Exercise:
Once you find the line with "그 옆 수종사 팔각오층석탑" in the listing below, set down exactly every line from it through the line with "Check the total number of original", but no pictures.

Records provided:
*** Begin section ***

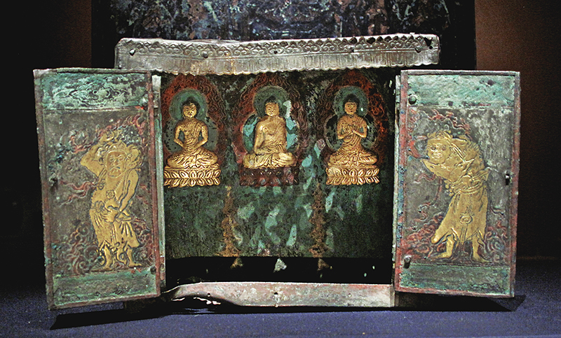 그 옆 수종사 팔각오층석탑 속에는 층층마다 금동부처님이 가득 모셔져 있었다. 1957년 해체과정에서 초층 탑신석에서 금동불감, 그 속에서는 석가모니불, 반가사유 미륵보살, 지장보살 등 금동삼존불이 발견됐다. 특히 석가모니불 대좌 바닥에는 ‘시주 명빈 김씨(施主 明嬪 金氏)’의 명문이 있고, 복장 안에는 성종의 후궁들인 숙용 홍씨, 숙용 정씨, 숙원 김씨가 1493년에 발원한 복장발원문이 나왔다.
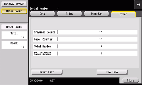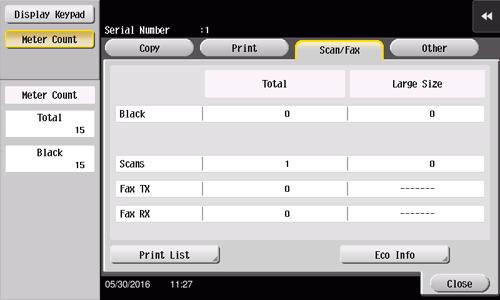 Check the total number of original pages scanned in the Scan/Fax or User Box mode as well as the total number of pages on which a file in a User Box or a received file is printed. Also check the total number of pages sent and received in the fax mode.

*** End section ***
*** Begin section ***

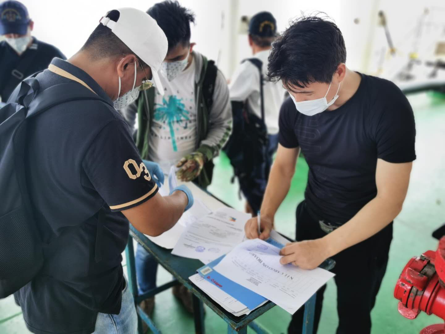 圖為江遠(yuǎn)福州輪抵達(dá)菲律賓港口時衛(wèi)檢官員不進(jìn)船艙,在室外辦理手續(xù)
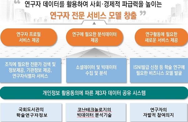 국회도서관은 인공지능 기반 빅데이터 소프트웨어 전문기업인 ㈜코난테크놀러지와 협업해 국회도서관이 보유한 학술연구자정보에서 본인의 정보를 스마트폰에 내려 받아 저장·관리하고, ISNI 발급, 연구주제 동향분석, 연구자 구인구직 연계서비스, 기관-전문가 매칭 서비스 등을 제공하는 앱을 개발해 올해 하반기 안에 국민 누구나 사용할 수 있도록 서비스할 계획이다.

*** End section ***
*** Begin section ***

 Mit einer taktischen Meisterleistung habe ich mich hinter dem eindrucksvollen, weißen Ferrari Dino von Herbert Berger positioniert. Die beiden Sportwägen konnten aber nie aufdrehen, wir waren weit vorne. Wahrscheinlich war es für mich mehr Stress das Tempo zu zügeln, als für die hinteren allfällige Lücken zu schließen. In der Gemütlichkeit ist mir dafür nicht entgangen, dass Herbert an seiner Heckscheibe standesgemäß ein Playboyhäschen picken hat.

*** End section ***

Result of this exercise:
 그 옆 수종사 팔각오층석탑 속에는 층층마다 금동부처님이 가득 모셔져 있었다. 1957년 해체과정에서 초층 탑신석에서 금동불감, 그 속에서는 석가모니불, 반가사유 미륵보살, 지장보살 등 금동삼존불이 발견됐다. 특히 석가모니불 대좌 바닥에는 ‘시주 명빈 김씨(施主 明嬪 金氏)’의 명문이 있고, 복장 안에는 성종의 후궁들인 숙용 홍씨, 숙용 정씨, 숙원 김씨가 1493년에 발원한 복장발원문이 나왔다.
 Check the total number of original pages scanned in the Scan/Fax or User Box mode as well as the total number of pages on which a file in a User Box or a received file is printed. Also check the total number of pages sent and received in the fax mode.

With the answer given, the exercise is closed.